The Temagami Region

Home to the Teme-Augama Anishnabai

The Temagami region offers the finest canoeing in North America

Northwaters Langskib acknowledges the land on which we gather is the traditional territory of the Algonquin peoples, home to Algonquins and Ojibway’s of the Teme-Augama Anishnabai (TAA) and Temagami First Nation (TFN). The TAA is a proud Indigenous community of n’Dakimenan, (which means “our land” in Anishnawbe) whose historical relationships with Temagami continue to this day.

Within the boundaries of this provincial forest reserve are four and one half million acres of crystal clear lakes and unspoiled rivers, and over three thousand kilometers of maintained portage trails. It is a canoeist’s paradise containing the tallest mountains in Ontario, one of the biggest stands of old growth pine left in eastern Canada, and the largest interconnected canoe route system in North America.

The rich cultural and historical heritage of the area and its people have attracted canoeists for decades. As settlers, we are thankful for the opportunity to live, work, and play here and are grateful to the generations of people who have cared for the land in a way that has made our being here possible.  

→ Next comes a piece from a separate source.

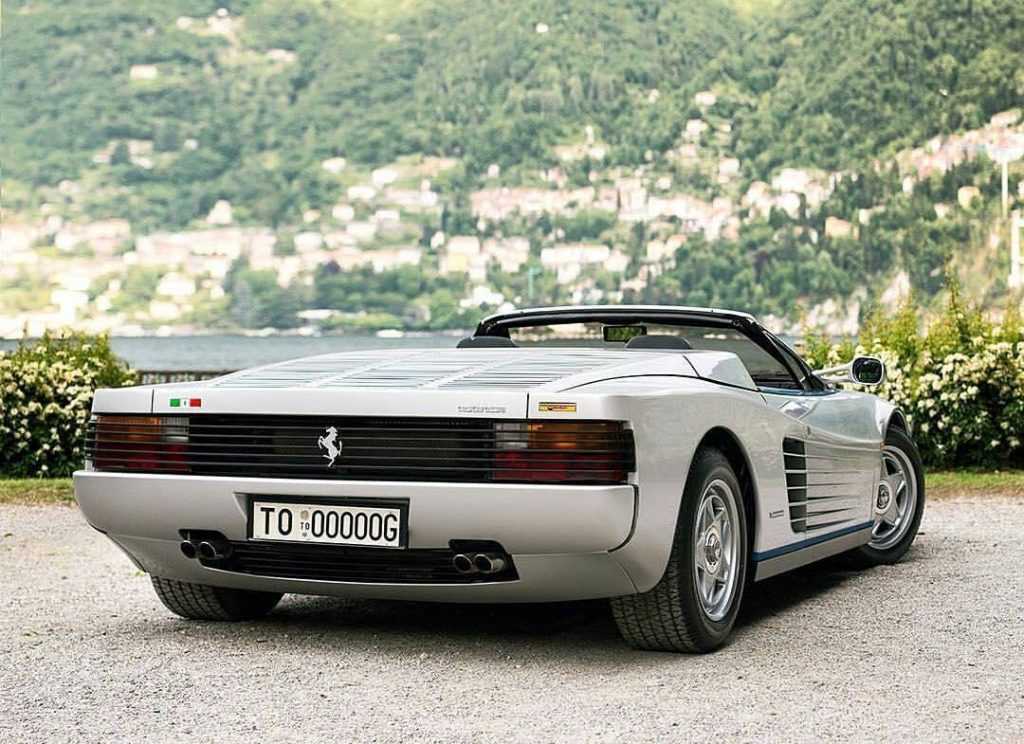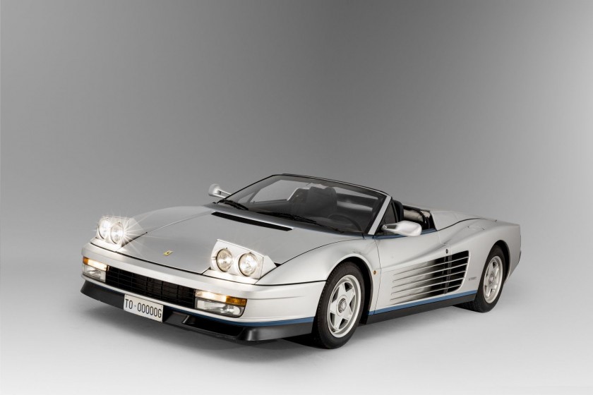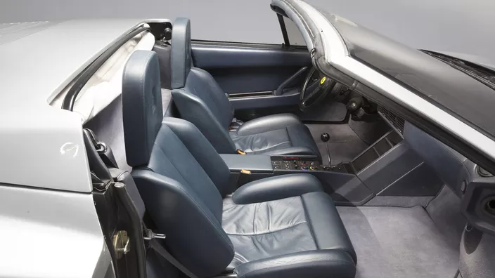 ZFFTA30B000062897 : 1986, Testarossa Spider, caisse unique par Pininfarina (livrée 27/02/1986, caisse N°1), moteur F113A-518, boîte de vitesses F110B-890, arceau à commande électrique avec couvre-capote, embrayage automatique Valeo, commande par bouton sur la console escamotant la pédale d’embrayage, Argento 101/C, bandes bleues Blu 3282, cuir noir, moquette Blu 168.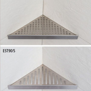 EST90 on ruostumattomasta teräksestä valmistettu kulmahylly, joka on helppo asentaa laatoituksen yhteydessä saumoihin ja näin ollen vältytään laattoihin poraamiselta. Siinä on kaunis, korkea etureunus, joka mahdollistaa myös hyllytason laatoittamisen halutessaan.

The Ojibway were the first to paddle the waters of Temagami and the TAA trace their ancestry back over five thousand years of continuous living on the lake. Later came the French Voyageurs of the Hudson Bay Company who established a fur trading-post on nearby Bear Island.

Carved by glaciers at the dawn of time, these waters remain unchanged to this day. The rivers and lakes teem with fish, and wildlife such as moose, otter, lynx and eagles abound. Leaf-bearing trees meet towering pines in this land where the evening skies are clear of light pollution, and filled with stars.